Literature DB >> 10663448

Start of oral morphine to cancer patients: effective serum morphine concentrations and contribution from morphine-6-glucuronide to the analgesia produced by morphine.

P Klepstad1, S Kaasa, P C Borchgrevink.   

Abstract

OBJECTIVE: To investigate the serum concentrations of morphine, morphine-3-glucuronide (M3G) and morphine-6-glucuronide (M6G) and the relationships between serum concentrations and clinical effects associated with start of morphine treatment in cancer patients.
METHODS: Forty patients with malignant disease and intolerable pain on weak opioids (codeine/dextropropoxyphen) were included. After a wash-out period, titration with immediate-release (IR) morphine was started. When a stable dose was achieved, the morphine treatment was changed to slow-release (SR) morphine in equivalent daily dosages. Clinical data and serum concentrations of morphine, M3G and M6G were obtained at the end of the IR and SR morphine treatment periods.
RESULTS: The mean trough serum morphine concentration associated with pain relief was 66 nmol/l. The corresponding mean concentrations of M6G and M3G were 257 nmol/l and 1943 nmol/l, respectively. Morphine serum trough concentrations showed a 33-fold variation.

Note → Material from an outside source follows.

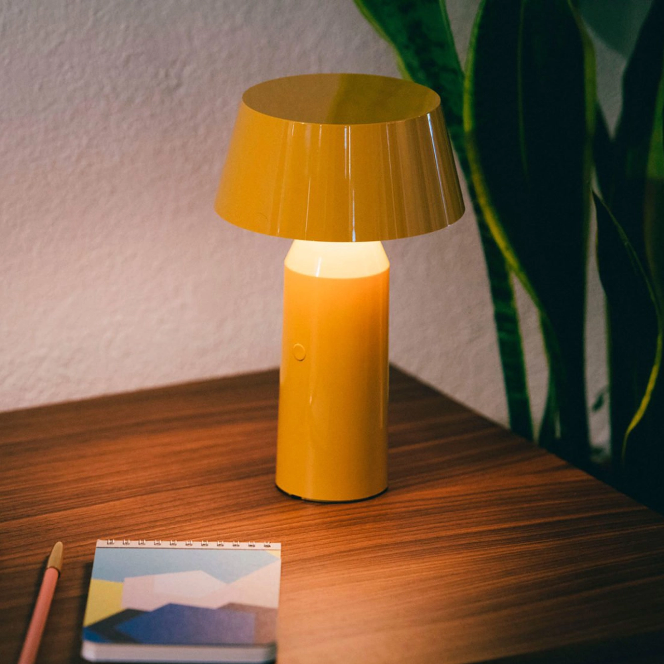 The Bicoca portable lamp portable lamp was designed to brighten everyday moments and bring a gentle, welcoming glow to any setting. Created for Marset, it stands out for its compact silhouette and its joyful use of colour, allowing it to blend effortlessly into a wide variety of personal spaces. Made from polycarbonate, the Bicoca portable lamp is composed of simple geometric shapes that come together to create a lightweight, easy-to-handle object. Its tiltable shade allows you to direct the light precisely, whether placed on a bedside table, a desk, a windowsill or a reading nook. This flexibility gives the lamp great freedom of use, whether at home or on the move. Available in a wide range of colours, the Bicoca portable lamp suits all tastes and interiors. Its compact size and featherweight construction make it easy to carry from one room to another, while its long-lasting battery ensures extended use without limitation. Whether enhancing a cosy atmosphere, lighting up a personal corner or enriching shared moments, the Bicoca naturally finds its place in everyday life.

Seventy percent of the variation was predicted in a model including age, daily morphine dose and M6G/morphine ratio as independent variables. No associations were observed between side effects and serum concentrations of morphine and its metabolites.
CONCLUSION: In this study, a mean serum trough morphine concentration of 66 nmol/l was associated with satisfactory pain relief when disease progression required an increase in intensity of pain therapy from step II to step III in the World Health Organization pain ladder. An increased ratio of M6G to morphine serum concentrations predicted lower effective serum morphine concentrations at the time of satisfactory pain relief. This observation supports that M6G contributes to the pain control produced by oral morphine in patients with pain caused by malignant disease.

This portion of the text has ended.